This is a contract whereby a party referred to as the guarantor or surety undertakes to be secondarily or collaterally responsible for the monies or acts of anther known as the principle debtor. The undertaking is made to the creditor.
A contract of guarantee is a tripartite agreement. In a debtor – creditor relationship, the guarantor makes the undertaking to the creditor for the benefit of the principal debtor.

1. Sole Guarantee: This is a contract of guarantee whereby the guarantor’s liability is restricted to a single transaction.
2. Continuing Guarantee: It is a contract of guarantee under which the guarantors to a series of transactions. This type of guarantee terminates on the death of the guarantor provided the notice is made know to creditor as was the case in Bradbury V. Morgan. The guarantor is also free to revoke the guarantee at any time.
3. Fidelity Guarantee: It is a contract of guarantee whereby a person guarantees the honesty good behaviour of another purpose of employment.

1. It consists of 3 parties namely the guarantor, creditor and the principal debtor.
2. The guarantor’s liability is secondary or collateral
3. The guarantor has no interest in the transaction between the parties.
4. The contact must be evidenced by some note or memorandum.
The guarantor is only liable if the principal debtor is unable to honour his obligation. If two or more persons guarantee the same transaction(s) they are referred to as co-guarantors and are jointly liable for any liability arising. However if a co-guarantor makes god the liability, he has a right of contribution against other co-guarantors.
If the creditor discharges a co-guarantor, all are discharged.

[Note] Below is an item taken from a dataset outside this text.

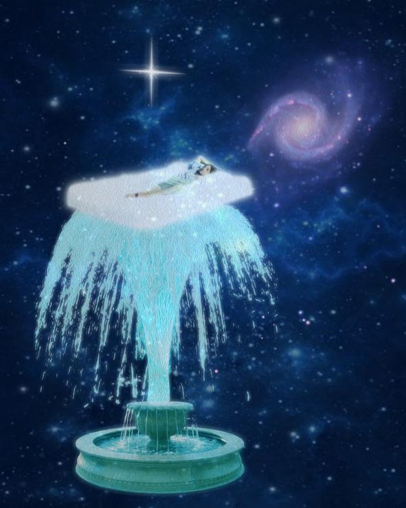Я увидела в центре стоящий фонтан, но вместо воды в нём была жидкость жёлто-белого цвета, а на гребне струи воды, поднимающейся вверх, красовалась прямоугольная платформа, на которой лежала я.
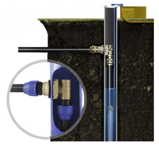 - si le système d'eau n'a pas besoin d'être utilisé pendant une longue période, l'adaptateur de fond de trou vous permet de vidanger l'eau.Il suffit de désengager la connexion des éléments, et tout le liquide s'écoulera.

1. He is entitled to demand that the creditor sues the debtor for the amount due.
2. He is entitled to demand that the debtor pays the amount to relieve him from liability
3. If sued by the creditor he is entitled to rely on any self-help of or counter claim available to the principal debtor.
4. In a fidelity guarantee he is entitled to demand the seeking of an employee in the event of dishonesty.
5. If he pays the amount due he becomes entitled to all the rights the creditor had against the debtor to recover the amounts (Subrogative rights)
6. If a co-guarantor makes good the liability he has the right of contribution against the co-guarantors.

The guarantor may be discharged in any of the following ways:-
1) Payment of the amount due by the debtor or fulfilment of the obligation arising.
2) If the creditors action against the debtor becomes statute barred.
3) If the transaction between the credit and the principal debtor becomes illegal by reason of change of law or otherwise.
4) Revocation of the guarantee by the guarantor
5) Death of guarantor
6) Variation of the terms of the contract without the guarantor’s consent
7) If it is established that the guarantee was obtained by fraud, misrepresentation or concealment of material facts.
8) Failure by the creditor to take steps that was necessary to protect his own interest.
9) Discharge of a co-guarantor discharges all.

This is a contract whereby a party referred to as indemnifier undertakes primary responsibility for particular act. The undertaking is made to the party to be indemnified. The contracts of two parties and examples include: –
1) Contract of del credere agency
2) Property Insurance

A contract of indemnity differs from the contract of guarantee in that:-
1. It consists of two parties namely the indemnifier and the party to be indemnifiers.
2. The indemnifier’s responsibility is primary.
3. The indemnifier has a direct interest in the transaction.